Regarding some of the questions/response in this thread: If having a “null” class is expected behavior, then I am good. I thought perhaps the model would be more performant if I constrained everything to three classes, and had “no_cat” mean that the activations were zero.

zonkyo · July 23, 2022, 9:28am

So, I started dabbling with this project on the gathered data (just ~2000 images) which I separated in different classes, namely “cat”, “cat with prey” and started out with the single label classification idea.

The reasoning behind that is the following: a “cat cat_face” and a “cat” should yield the same result, namely, cat door unlocked. I do not think it is important whether the cat is leaving or coming ^^ but that is just my preference (and labeling/pushing to different directories is a pain).

This is not that bad, I guess, especially considering that I actually am not well versed in DL with images.

@BenHamm if you would not mind letting me getting my fingers on your data set, I would like to see what happens when a network is trained on some random cats vs. your well collected dataset

Currently, since I just started out, it recognizes random things as one of the classes, still (a donkey as a house cat, ups).

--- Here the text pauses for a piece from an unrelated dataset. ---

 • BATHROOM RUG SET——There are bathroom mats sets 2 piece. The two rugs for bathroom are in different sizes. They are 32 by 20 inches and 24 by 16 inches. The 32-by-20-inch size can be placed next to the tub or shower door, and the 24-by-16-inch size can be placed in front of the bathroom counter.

So this has to be fixed, but since I assume it is more like “prey”=locked and otherwise open, this would not be too bad (as a baseline)

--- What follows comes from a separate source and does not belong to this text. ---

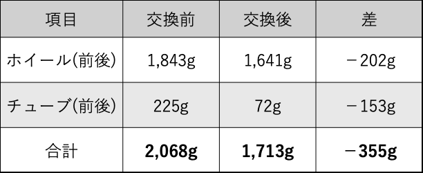 ホイール重量の比較まとめ

zonkyo · July 24, 2022, 5:12pm

So, solved it on my end - easy enough for the first try!

For the fine-tunining, set the threshold to something “low”, like 0.5, for the testing increase it to something like 0.9, i.e.
learn.loss_function = BCEWithLogitsLossFlat(thres=0.9)

Besides that, you can change your get_y method! Sorry that this occurred only now to me, after dabbling a bit around with it myself.
get_y = lambda label: [1, 0, 0] if label=='cat' else [1, 1, 0] if label=='cat cat_face' else [1,1,1] if label=='cat cat_face cat_with_prey' else [0, 0, 0]

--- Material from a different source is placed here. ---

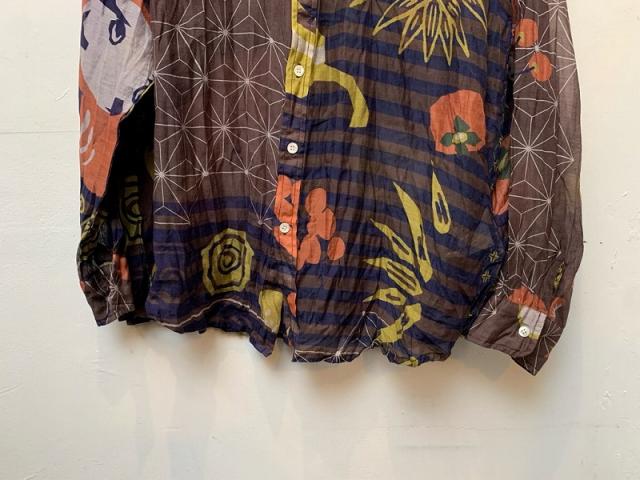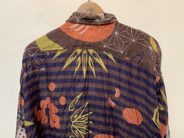KusaKanmuriのストール柄を使用し、シャツに仕立てました。薄手ですが重ね着のコーディネートにもおすすめです。ゆったりとした身幅でフリーサイズで着れるサイジング。シルクコットンの上品な素材感そのままにお楽しみください。

this should work as well. This way, you could use images without targets as well, if you want to.

so sometimes it really misses the point (lower center, cat next to a corpse of… something) and sometimes in my mini dataset it learned the wrong concept (cat box = cat, ups).

But as a proof of concept, it is possible to enhance the data set you gathered over a longer time with your cat with some random cats from the web! Fun stuff!

( in the end I had around 1200 images, 700 ‘normal’ cats, 430 cat with prey and some random images; whether you want to let in a tiger or a lion, as long as they have no prey in their fangs, that is your decision; you could add a cateogry ‘Bencat’ against a ‘cat’ category)

zonkyo · September 19, 2022, 8:52am

Apparently, other people think this is a real issue

Article in German of “Lion’s den”, I think in America the show “Shark tank”, where someone is attempting to sell his ‘invention’ that does the exact same thing.
So, your problem seems to concern others as well!